Imagine visiting a big city where a famous building is located. You want to see it, but you don’t know its precise location. The instructions you get rely on other reference points, whose location is also unknown to you. Exploring this city suddenly feels like crossing a dark, intricated maze. Clearly, you need a map.
The genome of eukaryotic cells can also be a complicated labyrinth for those who are not familiar with its environment: genes, regulatory elements, non-coding regions, (epi)genetic modifications, and single-nucleotide polymorphisms are all packed into a small, specialised cellular compartment called the nucleus. This important feature distinguishes eukaryotic cells from the primordial anucleate prokaryotic cells.

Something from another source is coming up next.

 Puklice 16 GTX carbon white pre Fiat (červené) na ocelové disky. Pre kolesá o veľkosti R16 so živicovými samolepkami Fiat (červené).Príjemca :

The nuclear compartment stores the cell’s genetic information in the form of chromatin, that is, DNA wrapped around packaging proteins named histones. The nucleus, however, is not only a storage unit for eukaryotic genomes, but also the location where fundamental biological processes, such as DNA replication, transcription and repair, take place.

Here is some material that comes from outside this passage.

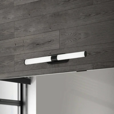 The black plastic mirror bathroom light is the ideal lighting solution for your bathroom. A neutral white light of 4000 Kelvin provides a perfect light colour for hygiene. With its dimensions of 400x65x45 mm (WxHxD), it has a very good size. In addition, the bathroom lamp offers sufficient protection against moisture and splashes of water thanks to its IP44 protection rating. The LED turntable supplied with the LED light has a power of 7 watts and 690 lumens and a long life of 25,000 hours. Installed as a wall light next to or above your mirror and vanity cabinet, LED bathroom mirror lighting is a great choice for long-lasting and energy efficient lighting. This product is a surrounding product. Wrap-around products are luminaires that can be disassembled for separate control of the light source(s) they contain. This product contains a light source of energy efficiency class F
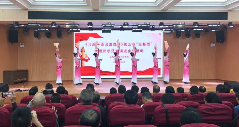 這是10月21日下午,《習近平談治國理政》第五卷“走基層”大理州示范宣講進企業(yè)云南祥云經(jīng)開區(qū)的專場活動的現(xiàn)場,這場“文藝宣講 理論宣講 實踐分享 互動交流”形式更接地氣,讓宣講從“一個人講”變成了“一群人講”。

It has long been thought that the nuclear localisation of different parts of the genome is related to their functions. Indeed, the genome is not randomly organised inside the nucleus. Previous studies have shown that the two-metre-long DNA molecule inside each diploid human cell is efficiently folded to fit a tiny space with a diameter 100,000 times smaller than the genome in its full length: larger chromatin compartments contain smaller structural elements, such as topologically associated domains or TADs, which in turn contain smaller units where gene regulatory elements interact, such as chromatin loops. What is less known, however, is how these structural features are spatially positioned with respect to each other and how the spatial arrangement of the genome in the nucleus affects its functions, if at all.

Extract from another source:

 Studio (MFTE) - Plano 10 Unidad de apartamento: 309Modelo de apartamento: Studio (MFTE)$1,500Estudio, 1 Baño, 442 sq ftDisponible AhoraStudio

The Bienko Group at Human Technopole addressed this gap by developing a novel method, called Genomic loci Positioning by Sequencing (GPSeq), specifically designed to map how the genome is, on average, positioned between the periphery and the centre of the cell nucleus—a feature known as ‘genome radiality’.
GPSeq can be used by any laboratory with an intermediate expertise in molecular biology, genomics and microscopy. Briefly, the cells of interest are treated to allow their penetrance by special proteins called restriction enzymes, which recognise and cut (or digest) specific DNA sequences frequently found throughout the genome. These enzymes enter the cell nuclei from the periphery and gradually diffuse inwards. As a result, the DNA will be progressively cut from the outermost to the innermost layer of the nucleus. By stopping this reaction after increasing time intervals, it is possible to obtain snapshots of the progressive radial digestion of DNA.
At each timepoint, special reporters are bound to the cut DNA to enable its visualisation through a microscope for quality control, followed, if successful, by DNA amplification and sequencing. Each sequence is then given a GPSeq score representing its genome radiality, based on which genome-wide radial maps are generated.
By combining the resulting genome maps with data produced by other omics technologies, it is possible to explore the radial distribution of various genomic features, from gene expression levels and (epi)genomic modifications to mutational hotspots and DNA damage profiles.
This method can be applied to any eukaryotic cell of interest, thus allowing the study of genome architecture not only in different model systems, but also with a multi-scale approach spanning biological levels from cells to organs to whole individuals. The versatility of GPSeq highlights its potential to help identify key differences and similarities between distinct cell types, as well as in health and disease.
Nicola Crosetto, Senior Manager at the Genomics Research Centre – Functional Genomics and co-corresponding author of this study, shares: “GPSeq is a powerful approach that complements the Hi-C method widely used for mapping 3D genome architecture. With our new protocol, researchers can now easily implement GPSeq in their labs and use it to obtain high-resolution maps of genome radiality across different cell types and experimental conditions.”
With more advanced updates predicted to come, genomic maps by GPSeq empower researchers to navigate the eukaryotic genome with better orientation — just like geographical maps help us find our destination in our daily life.
Yip WH, Harton K, Castiglioni I, Bouwman BAM, Jiménez C, Georgiades E, Harbers L, Kang W, Wernersson E, Crosetto N, Bienko M. GPSeq maps the radial organization of eukaryotic genomes along the nuclear periphery-center axis. Nat Protoc. 2026 May;21(5):2199-2270. doi: 10.1038/s41596-025-01278-x. Epub 2026 Jan 19. PMID: 41555070.